Legal consequences abound at every corner in healthcare. Each month this blog discusses examples of what those consequences can be.
Two recent appellate decisions from different states address production of medical records and the consequences to defendant healthcare providers that are unable to produce them. The decisions offer lessons on how the “medical record,” whether electronic or paper, might be defined and what sanctions might be imposed on providers that do not produce it.
The first decision is Griffith v. Aultman Hospital, 2017-Ohio-8293 (Ct. App. Oct. 23, 2017). I discussed the Griffith litigation in a previous Legal eSpeaking post in April, regarding an Ohio Supreme Court decision that interpreted a statute permitting personal representatives of patients to examine or obtain the medical record. Here is what the Supreme Court said:
“[T]he focus of the statute was on ‘whether a healthcare provider made a decision to keep data that was generated in the process of the patient’s healthcare treatment and pertains to the patient’s medical history, diagnosis, prognosis, or medical condition.’ In other words, if the data had been saved it would fall under the statutory definition of ‘medical record’ and be subject to production under the statute whether the data were maintained in the hospital’s medical records or risk management departments. The Court remanded to develop an evidentiary record as there was some doubt as to whether the data existed; it would normally be deleted 24 hours after a patient’s discharge.”
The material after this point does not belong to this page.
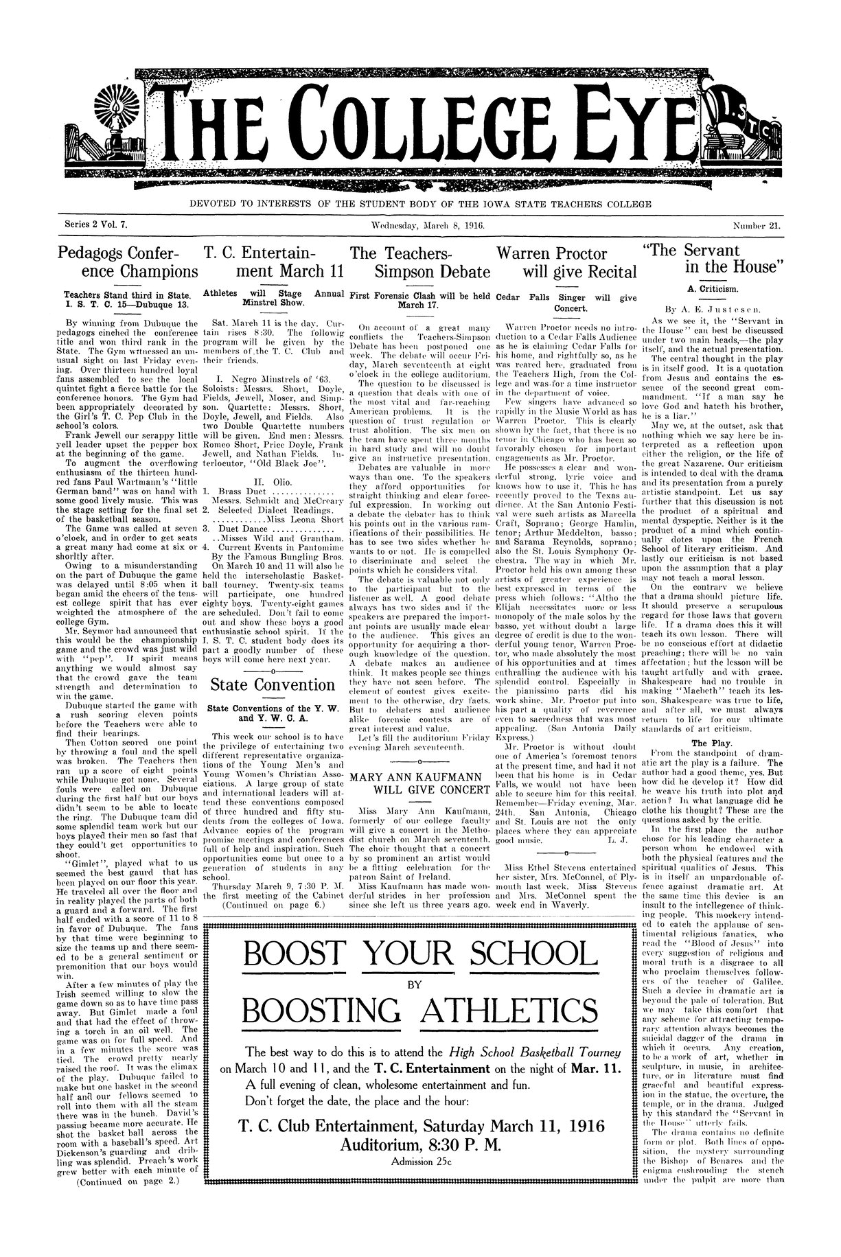 T. C. entertainment March 11; athletes will stage annual minstrel show T. C. Club members and friends will present musical show.

On remand, a trial court allowed discovery. The plaintiff, the executrix of the estate of a patient of the defendant hospital, served interrogatories on the hospital in an attempt to determine whether the entire record had been produced. Thereafter, the trial court granted summary judgement in favor of the hospital, finding that it had been. The Court of Appeals reversed in the October 23rd decision. (The appellate court also reversed the denial of the executrix’s motion to compel discovery, but that is beyond the scope of this blog).
In its reversal, the Court of Appeals held that a genuine issue of material fact existed about whether the hospital had produced the entire medical record. The court noted that the hospital’s production of what it considered to be the complete “chart” did not “necessarily equate to the production of the entire medical record.” Indeed, after having represented that the entire record had been produced, additional pages as well as nursing notes were turned over and the hospital never “directly and definitely” stated that it had produced the medical record as defined by the Supreme Court. The Court of Appeals then remanded to the trial court.
The other decision is Russellville Holdings, LLC v. Peters, 2017 Ark. App. 561 (Ct. App. October 25, 2017). This is a medical malpractice action arising out of the death of a patient who was admitted to a medical center and who hanged himself ten days after being discharged. Shortly after his death an attorney representing the decedent’s estate and heirs wrote to the center and demanded that paper and electronic files be preserved. After litigation was commenced the center produced “four similar, though not exact, microfiche copies” of the medical record and represented that the original one had been destroyed. The trial court found that, “the original medical file in question was so important to the case that its preservation was essential to a just adjudication” and struck the center’s answer. The Court of Appeals affirmed. In doing so, that court noted the existence of two fact questions which could not be resolved because of the loss of the original record: (1) Whether orders of guardianship of the decedent were present in the record when he was released and (2) whether written discharge notes of another patient had been placed in the chart rather than those of the decedent.
What lessons might be drawn from Peters and Griffith? First, however the “medical record” may be defined, it should be preserved once a duty to preserve arises. Second, when preservation becomes necessary, care should be taken to preserve the record in the appropriate form or forms. For paper, that decision would appear straightforward: Keep the paper. For electronic health records, what form or forms of preservation may be problematic and dependent upon the unique circumstances of a particular litigation. These lessons demonstrate the important of a unified approach to information governance.
**Editor’s Note: The views expressed in this column are those of the author alone and should not be interpreted otherwise or as legal advice.